## DATA SECTION
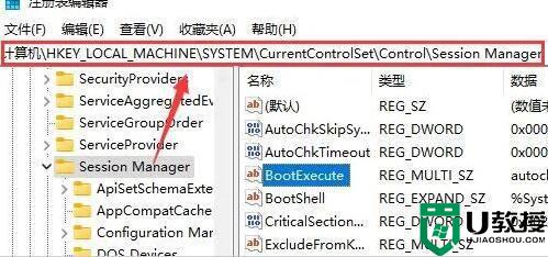 3、在文件处搜索定位计算机HKEY_LOCAL_MACHINESYSTEMCurrentControlSetControlSession Manager位置。
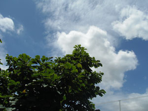 エントランスの白木蓮の梢の先の夏雲です。CoCoの散歩コース、宗延寺というお寺には、夏になると水瓶に植えられた蓮が美しい花を咲かせます。
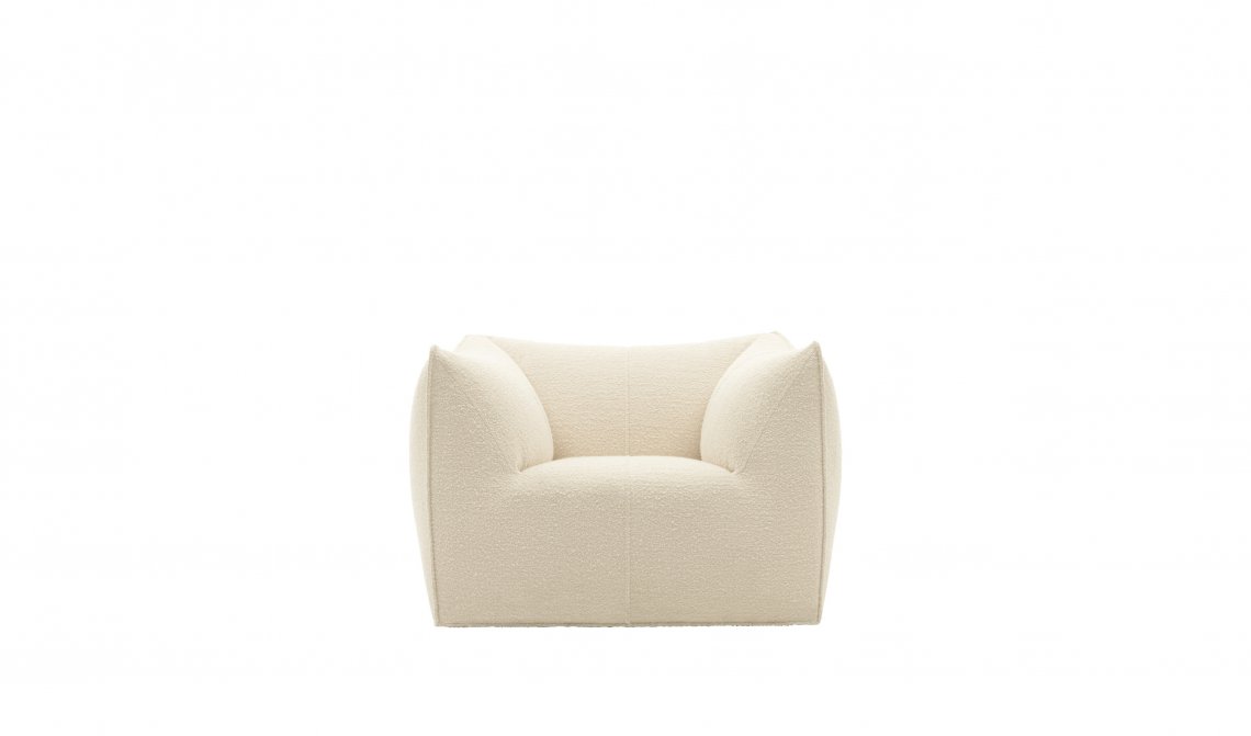 The Bambola armchair is part of Le Bambole series, originally designed in 1972, awarded with the Compasso d’Oro in 1979. Icon of timeless contemporaneity and one of the most effective expressions of Made in Italy excellence combining research and creative flair, Le Bambole have provided a very personal answer to the theme of seats. What makes them special is the apparent absence of a load bearing structure, the extreme naturalness of the shape, and the combination of comfort, softness and elasticity that their appearance conveys. Where the original construction was based on a metal structure embedded in polyurethane, now the materials used are of the latest generation, starting from recycled polyethylene gives structure. A sustainable project thanks to the choice of materials and the construction method, that allows the components of Le Bambole to be completely disassembled and therefore easily recyclable.

## WORK REQUIRED
With every picture omitted, write out the material exactly from its first line through the line containing "エントランスの白木蓮の梢の先".

## WRITTEN SOLUTION
 3、在文件处搜索定位计算机HKEY_LOCAL_MACHINESYSTEMCurrentControlSetControlSession Manager位置。
 エントランスの白木蓮の梢の先の夏雲です。CoCoの散歩コース、宗延寺というお寺には、夏になると水瓶に植えられた蓮が美しい花を咲かせます。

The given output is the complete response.